Сделав глубокий вдох и пытаясь сосредоточиться на побеге, мальчик оглядывается в сторону дома, убеждаясь, что за ним никто не бежит.
Там никого нет, и Генри задается вопросом, не убил ли Джим Лиама. Смог бы он так поступить со своим другом? Или, возможно, именно Лиаму пришлось убивать, чтобы вызволить Генри из пут плана Джима.
Генри закрывает дверь, и когда две створки соприкасаются, яркий день исчезает из его поля зрения, оставляя его наедине с темнотой.
Он на мгновение замирает, давая глазам привыкнуть. Затем восстанавливает дыхание, пытается успокоиться, стереть все еще свежую в памяти боль. Боль, которую оставила там мать, как след слизи.
Что касается малыша, то хоть Генри и не почувствовал пули, зато ощутил сильный страх, инстинктивное безумное желание жить. В свои последние секунды малыш ничего так не хотел, как быть с тем, кто дал ему жизнь, с единственным существом, которое его любило.
С мамой.
Когда мысли, страхи и желания исчезли, не осталось ничего. Только пустота. Пустота смерти, которую Генри распознал сразу же, сам заглянув в бездну, а потом каким-то чудесным образом выбравшись на свободу.
Мысли о боли ребенка и потере матери наполняют его такой безмерной печалью, что он чуть снова не падает на колени. Но все же останавливает себя, заставляет быть сильным, храбрым, чтобы выжить, в отличие от многих других.
Надо быть твердым. Твердые выживают.
Он опускает взгляд на землю, закрывает глаза и так крепко сжимает кулаки, что трясутся руки.
Потом разжимает пальцы, открывает глаза и выдыхает.
Лучше.
Все еще смотря на землю, он замечает длинный кусок дерева у своих ног. С детским любопытством он наклоняется, чтобы изучить наполовину вкопанную балку. Она почти такая же длинная, как две распашные двери, и частично вошла в грязь. Генри думает, что под деревом наверняка уже поселились насекомые. Лично ему нравятся клопы, и он готов поспорить на доллар, что под деревом их целая куча. Наверное, и пауки тоже, но их он не любит.

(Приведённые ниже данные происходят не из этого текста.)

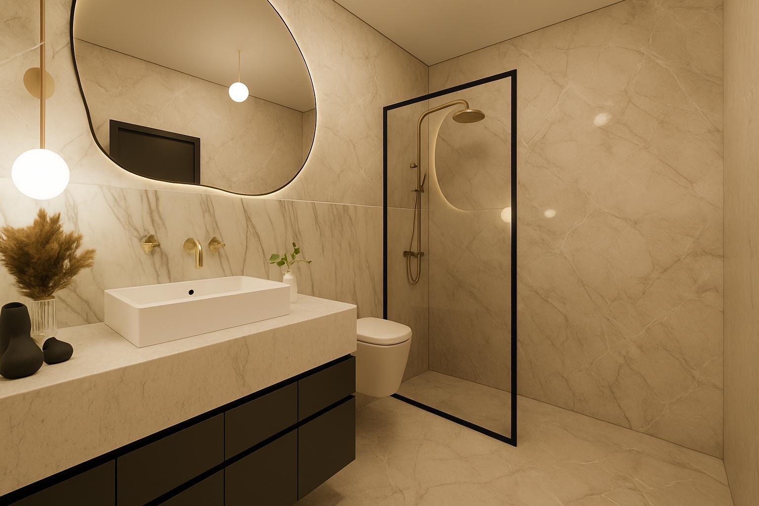 interior shot adjust colors and materials to moodboard same tiles on the floor like on the walls
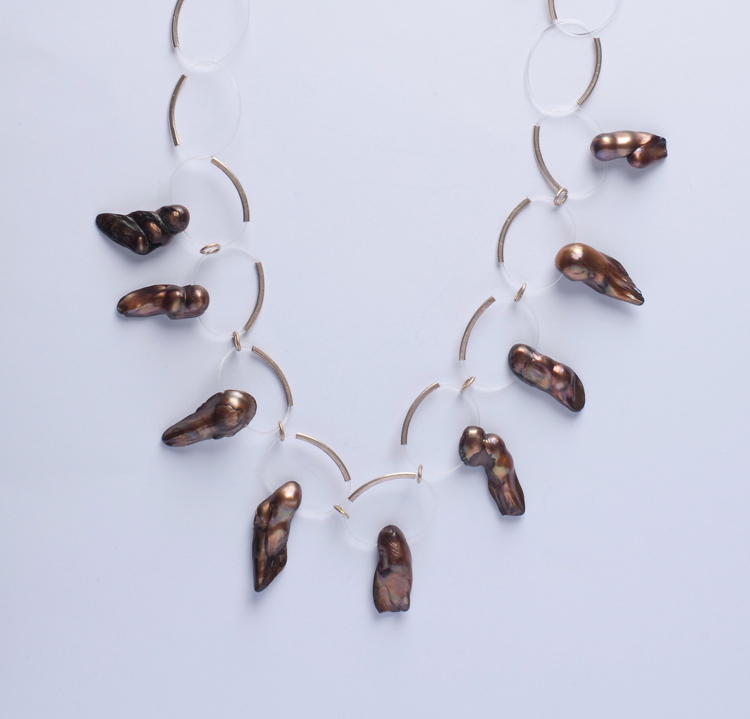Dit collier van biwaparels geregen op schakels van staaldraad en zilver is flexibel en verandert daardoor iets van vorm tijdens het dragen.

Подняв голову, чтобы изучить внутреннюю поверхность дверей, он замечает большие ржавые металлические скобы, ввинченные в дерево.
– Это… как это там. Перекладина,– говорит он, и его голос разносится в тишине сарая.
Это замок. Замок, чтобы сюда не могли ВОЙТИ.
Пожалуй, закрыться от всех, особенно от тех, кого можно расценить как склонных к убийству,– отличная идея. И Генри начинает выкапывать палку из земли.
3
Лиама окружает сущий кошмар. Тела собак разбросаны по залу, как на постапокалиптической танцплощадке, безжизненные, как опавшие листья, занесенные ветром через открытую дверь. Они лежат разбитые вдоль стен, повисли на окнах, истекают кровью на лестницах.
Все живые ушли.
От Дженни мало что осталось. Разорванная оболочка женщины расплющена, как воздушный шар из плоти взрослого человека, который сбросили с большой высоты прямо на асфальт, и все внутренности хаотично разлетелись наружу. Лиам подумывает накрыть ее простыней – вокруг валяются и они, некогда закрывавшие окна,– но быстро сдается, когда Джим выкрикивает его имя. Он ускоряет шаг по направлению к открытой двери и спасательному голубому небу. Однако из коридора наверху быстрые шаги Джима становятся все громче, и в последнюю секунду Лиам меняет стратегию. Он не хочет давать Джиму возможность палить в него по пути в сарай.
Повернувшись у двери, вместо этого мужчина бежит на кухню, стараясь не наступить в кровь (непростая задача), чтобы не оставлять следов для Джима.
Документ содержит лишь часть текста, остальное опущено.